Don't worry Tom. The deeper areas will stay darker longer than the rest. And always make sure the previous coat is set up enough and ready for another coat. I may sometimes pre fill deeper areas with 5 or 20 depending on amounts needed.

Same effect as ready mix in a can. Never coat a prior coat till it's 100% dry. We've all learned that lesson.


----------



## Easy Gibson (Dec 3, 2010)

Do you guys ever bring Structolite(sp?) into the equation, or do you use the Easy 20/45 for that purpose? Once I found out about it I was in love, but a lot of guys I've met don't even know it exists.


----------



## TAHomeRepairs (Jun 18, 2012)

Easy Gibson said:


> Do you guys ever bring Structolite(sp?) into the equation, or do you use the Easy 20/45 for that purpose? Once I found out about it I was in love, but a lot of guys I've met don't even know it exists.


What is it? I'm one of those guys.

Edit, just googled . Never used ,some patches I use plaster some get hot mud, depends.


----------



## Tom M (Jan 3, 2007)

Easy Gibson said:


> Do you guys ever bring Structolite(sp?) into the equation, or do you use the Easy 20/45 for that purpose? Once I found out about it I was in love, but a lot of guys I've met don't even know it exists.


I think my rocker uses it on plaster or big gaps. Then top off. Not sandable really, neither is easy sand really.. I think my plumber used to set tubs & bases in the stuff too.

I had to buy a few heavier grit sponges for when I use the easy and miss a feather edge.


----------



## Easy Gibson (Dec 3, 2010)

I don't think the Easy sands too badly. The Structolite is definitely only for major buildup though. Hard messy sanding.

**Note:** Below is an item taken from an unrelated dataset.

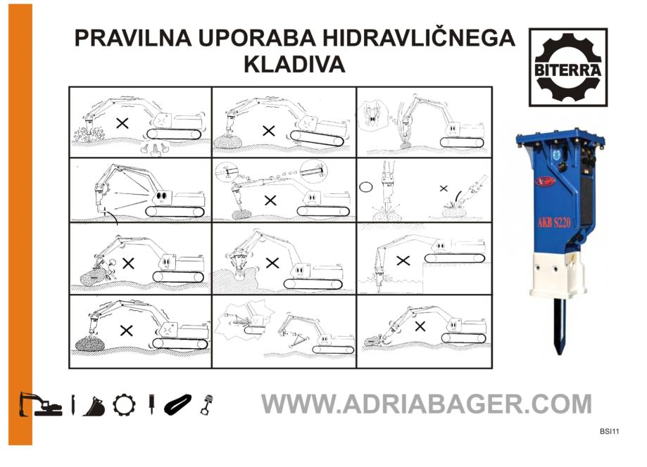Pozivamo vas da vidite kako se hidraulički čekić ispravno koristi na slikama ispod.

Like TA said it's great for filling plaster and lathe gaps where the plaster has chunked off in places.


----------



## Mountain Man (Jun 3, 2013)

Easy Gibson said:


> I don't think the Easy sands too badly. The Structolite is definitely only for major buildup though. Hard messy sanding.
> 
> Like TA said it's great for filling plaster and lathe gaps where the plaster has chunked off in places.


Structolite is a plaster base coat.


----------



## WarriorWithWood (Jun 30, 2007)

BUTCHERMAN said:


> Where do you find quick set lite 5? I can use that stuff.


Search on amazon or home depot if you don't have a local drywall supplier. You can buy small boxes of it. I've never seen full bags though. I only use it for small repairs. I've mixed it in my mud pan and had the homeowner start talking. As soon as I got back to it my knife was stuck in a rock hard pan full. I had to beat it out with a hammer.


----------



## Red Adobe (Jul 26, 2008)

I use a fine wire mesh collander for a 2 qt pot. If i hold my tongue just right a can handle the bag with right arm and hold the mesh with the other. ( I do this at home so customer dodnt see it)


----------